[About this task]
Reproduce the complete set of records exactly. No picture is to appear in the copy.

[Provided information]
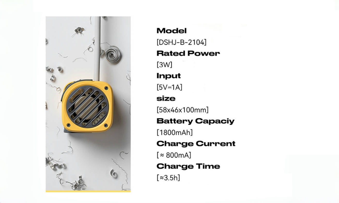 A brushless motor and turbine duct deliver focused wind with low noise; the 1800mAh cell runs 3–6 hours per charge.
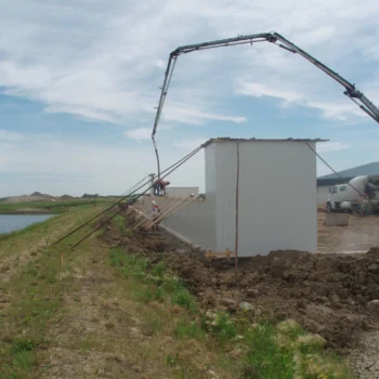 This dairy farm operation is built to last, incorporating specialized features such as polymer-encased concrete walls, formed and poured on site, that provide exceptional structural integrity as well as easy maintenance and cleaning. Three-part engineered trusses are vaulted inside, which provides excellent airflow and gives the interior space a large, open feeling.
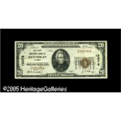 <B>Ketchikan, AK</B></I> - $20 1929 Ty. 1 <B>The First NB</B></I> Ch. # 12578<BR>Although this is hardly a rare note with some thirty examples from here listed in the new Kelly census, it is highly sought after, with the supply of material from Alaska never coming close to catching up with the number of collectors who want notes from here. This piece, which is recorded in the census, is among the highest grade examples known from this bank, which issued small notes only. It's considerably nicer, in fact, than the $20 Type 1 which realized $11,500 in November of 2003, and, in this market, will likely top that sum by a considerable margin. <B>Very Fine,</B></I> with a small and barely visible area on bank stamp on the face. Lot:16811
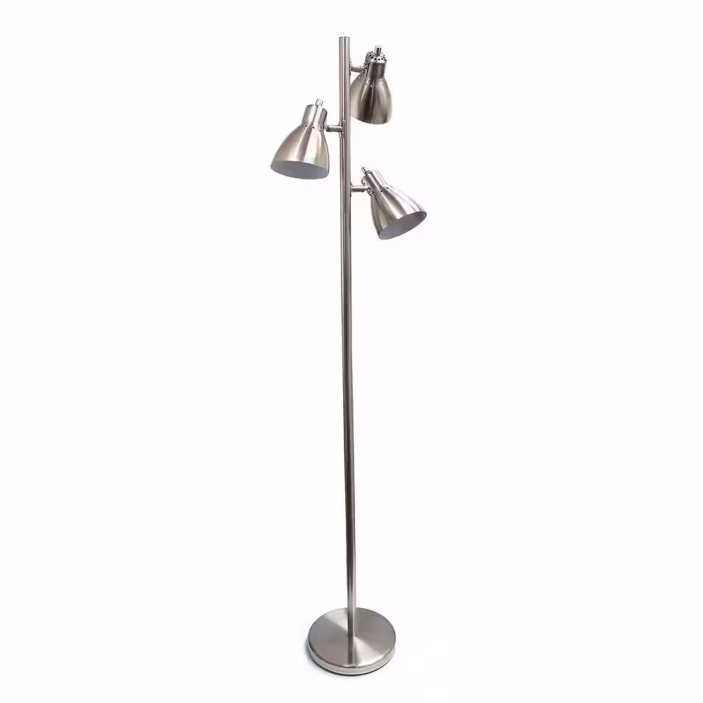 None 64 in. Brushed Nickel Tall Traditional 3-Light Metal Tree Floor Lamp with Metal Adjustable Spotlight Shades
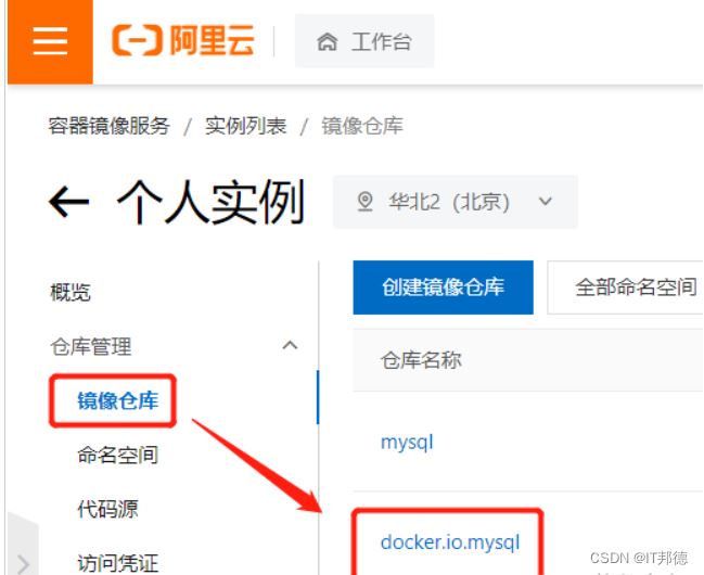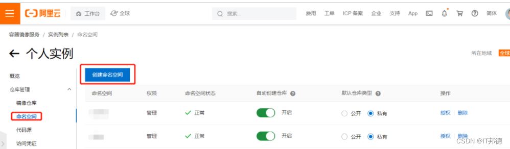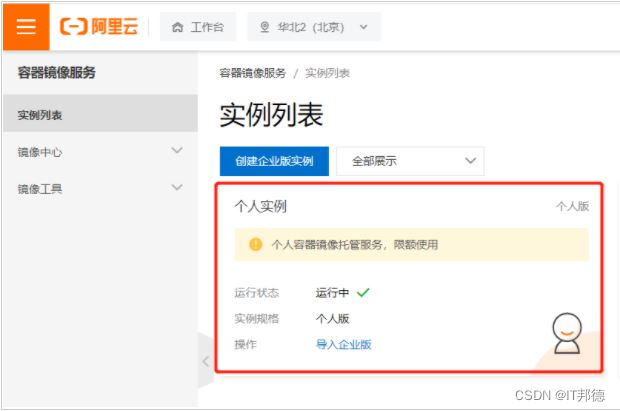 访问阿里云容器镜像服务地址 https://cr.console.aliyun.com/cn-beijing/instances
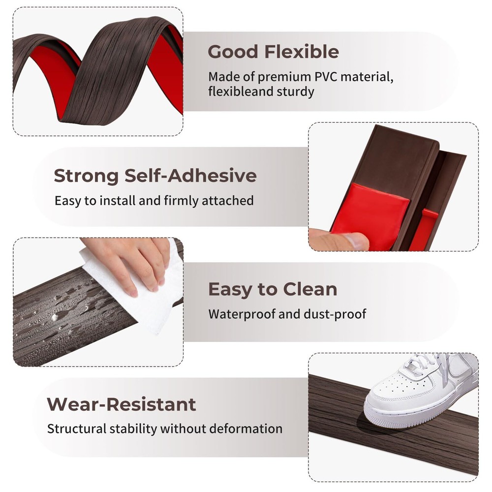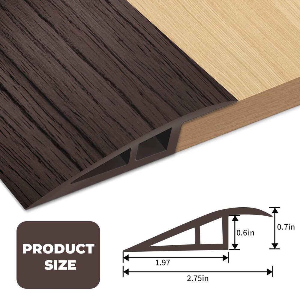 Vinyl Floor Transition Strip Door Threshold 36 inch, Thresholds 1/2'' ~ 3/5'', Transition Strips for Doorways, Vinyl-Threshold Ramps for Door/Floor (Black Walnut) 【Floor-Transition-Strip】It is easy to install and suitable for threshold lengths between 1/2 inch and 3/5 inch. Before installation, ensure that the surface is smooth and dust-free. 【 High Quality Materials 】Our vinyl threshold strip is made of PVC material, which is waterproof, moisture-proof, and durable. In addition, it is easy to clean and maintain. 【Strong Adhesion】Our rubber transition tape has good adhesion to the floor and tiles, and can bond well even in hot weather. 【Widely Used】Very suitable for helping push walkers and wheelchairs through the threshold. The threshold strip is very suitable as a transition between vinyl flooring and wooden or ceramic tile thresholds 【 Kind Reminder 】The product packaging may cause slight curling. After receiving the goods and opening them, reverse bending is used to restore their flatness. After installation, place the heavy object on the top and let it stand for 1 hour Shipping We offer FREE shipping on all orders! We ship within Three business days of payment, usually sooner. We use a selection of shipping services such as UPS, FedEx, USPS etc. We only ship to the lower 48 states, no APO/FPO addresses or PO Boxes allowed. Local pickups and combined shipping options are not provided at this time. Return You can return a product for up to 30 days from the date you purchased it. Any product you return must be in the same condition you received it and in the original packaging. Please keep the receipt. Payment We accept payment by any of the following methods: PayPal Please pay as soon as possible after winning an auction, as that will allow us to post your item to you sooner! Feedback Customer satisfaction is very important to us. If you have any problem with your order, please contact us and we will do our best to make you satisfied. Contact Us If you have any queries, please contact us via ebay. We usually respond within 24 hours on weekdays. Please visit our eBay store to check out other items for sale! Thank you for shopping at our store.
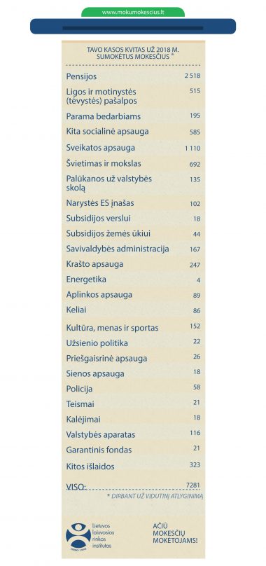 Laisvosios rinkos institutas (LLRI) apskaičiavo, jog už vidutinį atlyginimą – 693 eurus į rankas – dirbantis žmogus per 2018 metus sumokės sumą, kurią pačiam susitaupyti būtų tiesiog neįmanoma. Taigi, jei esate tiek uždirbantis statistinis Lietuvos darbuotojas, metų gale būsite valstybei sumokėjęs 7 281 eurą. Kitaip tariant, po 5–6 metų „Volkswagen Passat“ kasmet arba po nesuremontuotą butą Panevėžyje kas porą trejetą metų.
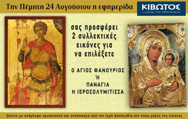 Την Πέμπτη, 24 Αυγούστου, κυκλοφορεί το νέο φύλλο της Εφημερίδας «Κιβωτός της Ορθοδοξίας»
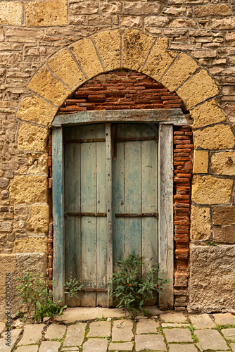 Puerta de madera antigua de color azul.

[Result for this exercise]
 A brushless motor and turbine duct deliver focused wind with low noise; the 1800mAh cell runs 3–6 hours per charge.
 This dairy farm operation is built to last, incorporating specialized features such as polymer-encased concrete walls, formed and poured on site, that provide exceptional structural integrity as well as easy maintenance and cleaning. Three-part engineered trusses are vaulted inside, which provides excellent airflow and gives the interior space a large, open feeling.
 <B>Ketchikan, AK</B></I> - $20 1929 Ty. 1 <B>The First NB</B></I> Ch. # 12578<BR>Although this is hardly a rare note with some thirty examples from here listed in the new Kelly census, it is highly sought after, with the supply of material from Alaska never coming close to catching up with the number of collectors who want notes from here. This piece, which is recorded in the census, is among the highest grade examples known from this bank, which issued small notes only. It's considerably nicer, in fact, than the $20 Type 1 which realized $11,500 in November of 2003, and, in this market, will likely top that sum by a considerable margin. <B>Very Fine,</B></I> with a small and barely visible area on bank stamp on the face. Lot:16811
 None 64 in. Brushed Nickel Tall Traditional 3-Light Metal Tree Floor Lamp with Metal Adjustable Spotlight Shades
 访问阿里云容器镜像服务地址 https://cr.console.aliyun.com/cn-beijing/instances
 Vinyl Floor Transition Strip Door Threshold 36 inch, Thresholds 1/2'' ~ 3/5'', Transition Strips for Doorways, Vinyl-Threshold Ramps for Door/Floor (Black Walnut) 【Floor-Transition-Strip】It is easy to install and suitable for threshold lengths between 1/2 inch and 3/5 inch. Before installation, ensure that the surface is smooth and dust-free. 【 High Quality Materials 】Our vinyl threshold strip is made of PVC material, which is waterproof, moisture-proof, and durable. In addition, it is easy to clean and maintain. 【Strong Adhesion】Our rubber transition tape has good adhesion to the floor and tiles, and can bond well even in hot weather. 【Widely Used】Very suitable for helping push walkers and wheelchairs through the threshold. The threshold strip is very suitable as a transition between vinyl flooring and wooden or ceramic tile thresholds 【 Kind Reminder 】The product packaging may cause slight curling. After receiving the goods and opening them, reverse bending is used to restore their flatness. After installation, place the heavy object on the top and let it stand for 1 hour Shipping We offer FREE shipping on all orders! We ship within Three business days of payment, usually sooner. We use a selection of shipping services such as UPS, FedEx, USPS etc. We only ship to the lower 48 states, no APO/FPO addresses or PO Boxes allowed. Local pickups and combined shipping options are not provided at this time. Return You can return a product for up to 30 days from the date you purchased it. Any product you return must be in the same condition you received it and in the original packaging. Please keep the receipt. Payment We accept payment by any of the following methods: PayPal Please pay as soon as possible after winning an auction, as that will allow us to post your item to you sooner! Feedback Customer satisfaction is very important to us. If you have any problem with your order, please contact us and we will do our best to make you satisfied. Contact Us If you have any queries, please contact us via ebay. We usually respond within 24 hours on weekdays. Please visit our eBay store to check out other items for sale! Thank you for shopping at our store.
 Laisvosios rinkos institutas (LLRI) apskaičiavo, jog už vidutinį atlyginimą – 693 eurus į rankas – dirbantis žmogus per 2018 metus sumokės sumą, kurią pačiam susitaupyti būtų tiesiog neįmanoma. Taigi, jei esate tiek uždirbantis statistinis Lietuvos darbuotojas, metų gale būsite valstybei sumokėjęs 7 281 eurą. Kitaip tariant, po 5–6 metų „Volkswagen Passat“ kasmet arba po nesuremontuotą butą Panevėžyje kas porą trejetą metų.
 Την Πέμπτη, 24 Αυγούστου, κυκλοφορεί το νέο φύλλο της Εφημερίδας «Κιβωτός της Ορθοδοξίας»
 Puerta de madera antigua de color azul.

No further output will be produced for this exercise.